Гербнер скончался в 2005 году, но успел увидеть, как Интернет разрывает эту мертвую хватку. Наверное, это было облегчением: те, кто рассказывает ключевые истории о нашей культуре, нее еще довольно консолидированы, однако Интернет хотя бы предлагает больше выбора. Если вам хочется узнавать местные новости не от телеканала, который трубит о росте преступности, чтобы повысить свой рейтинг, а из блога местного жителя, — пожалуйста.
Но возникает новая проблема: то, что Дин Эклз называет синдромом дружелюбного мира, в котором некоторые самые масштабные и важные проблемы вовсе выпадают из нашего поля зрения[310].
Если убогий мир на ТВ возникает из-за циничной убежденности телевизионного начальства в том, что «кровь продает», то дружелюбный мир, генерируемый фильтрующими алгоритмами, возможно, создается непреднамеренно. По словам инженера Facebook Эндрю Босворта, команда, разработавшая кнопку «Мне нравится», изначально рассматривала и ряд других вариантов — от звездочек до большого пальца, поднятого вверх (но в Иране и Таиланде это неприличный жест). Летом 2007 года в течение месяца эта кнопка носила название «Обалденно» (Awesome). В конце концов, однако, команда Facebook предпочла «Мне нравится» (Like) — это воспринимается как более универсальная эмоция[311].
«Мне нравится» вместо, скажем, «Важно» — это мелкое дизайнерское решение с далеко идущими последствиями. Больше всего внимания в Facebook привлекают новости, собравшие больше «плюсов»; а такие новости должны — ну, вы понимаете — нравиться.
Facebook — далеко не единственный сервис фильтрации, который движется в сторону антисептического дружелюбного мира. Как сказал Эклз, даже в Twitter, который вроде бы позволяет пользователям самим фильтровать информацию, есть аналогичная тенденция. Пользователи видят большую часть твитов тех, на чьи обновления они подписались, но если мой друг общается с кем-то, чьим читателем я не являюсь, то я не вижу этого. Намерение вполне невинное: Twitter пытается не загружать меня болтовней, которая меня не интересует. Но в результате диалоги между моими друзьями (похожими на меня) представлены слишком подробно, тогда как те, что способны подарить мне новые идеи, скрыты от меня.
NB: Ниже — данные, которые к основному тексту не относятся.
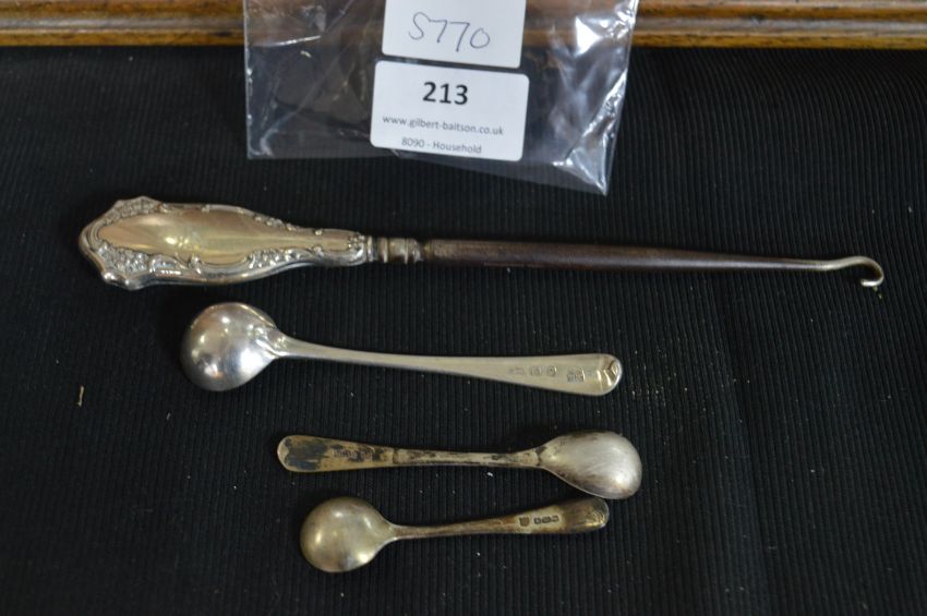 Sterling Silver Button Hook and Three Mustard Spoons

Конечно, приятны не все новости, проникающие за нашу стену и формирующие наше представление о политике. Будучи человеком прогрессивных взглядов и настоящим наркоманом по части политических новостей, я узнаю массу всего о Саре Пэйлин[312] и Гленне Беке[313]. Однако тональность этих новостей весьма предсказуема: люди публикуют их, чтобы обозначить свой ужас от высказываний Бека и Пэйлин и продемонстрировать солидарность с друзьями, которые предположительно ощущают тот же ужас. Лента новостей редко вызывает у меня потрясение.
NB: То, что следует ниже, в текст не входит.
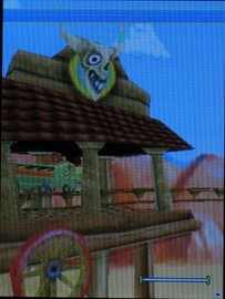 Съемка ориентирована на горизонтальный режим. Справа посередине - переключение режимов (фото, видео и т.д.), осуществляющееся горизонтальными стрелками навигационной кнопки. В левом нижнем углу - значки выбранных настроек. Опции достаточно разнообразны: 4 режима съемки (обычная, панорама-склейка из 3 снимков, серия из 4 кадров, а также 11 рамок. Можно отрегулировать разрешение (только для обычной съемки: 2, 1 или 0,3 Мп), ночной режим, автотаймер, эффекты (ч/б, негатив, сепия), баланс белого (автоматически, ясно, облачно, флуоресцентный свет, лампы накаливания), качество изображения, звук затвора (4 варианта), место хранения. Из настроек видео отметим регулировку время записи (на всю память или для MMS) плюс возможность отключения микрофона, а также все настройки, присущие фоторежиму. Качество снимков приемлемое, хотя ничего выдающегося камера не показывает - как-никак, не "сайбершот". Видеозапись не лучшего качества - стабилизации изображения нет, и очень сильно заметно "торможение" кадра.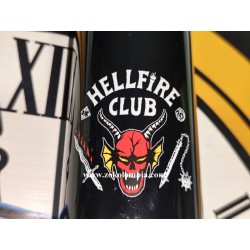 Este termo es de color negro brillante, con diseños impresos del logo clásico de Stranger Things por un lado y el emblemático emblema del Hellfire Club por el otro.

За стеной фильтров обычно царит буря эмоций. Исследование статей New York Times, которые пользователи чаще всего пересылали друг другу, проведенное Уортонской бизнес-школой и упоминавшееся в главе 2, показало, что люди гораздо чаще делятся историями, возбуждающими сильные чувства: страх, тревогу, гнев, счастье. Если телевидение показывает нам «дрянной мир», то за стеной фильтров мы оказываемся в «мире эмоций».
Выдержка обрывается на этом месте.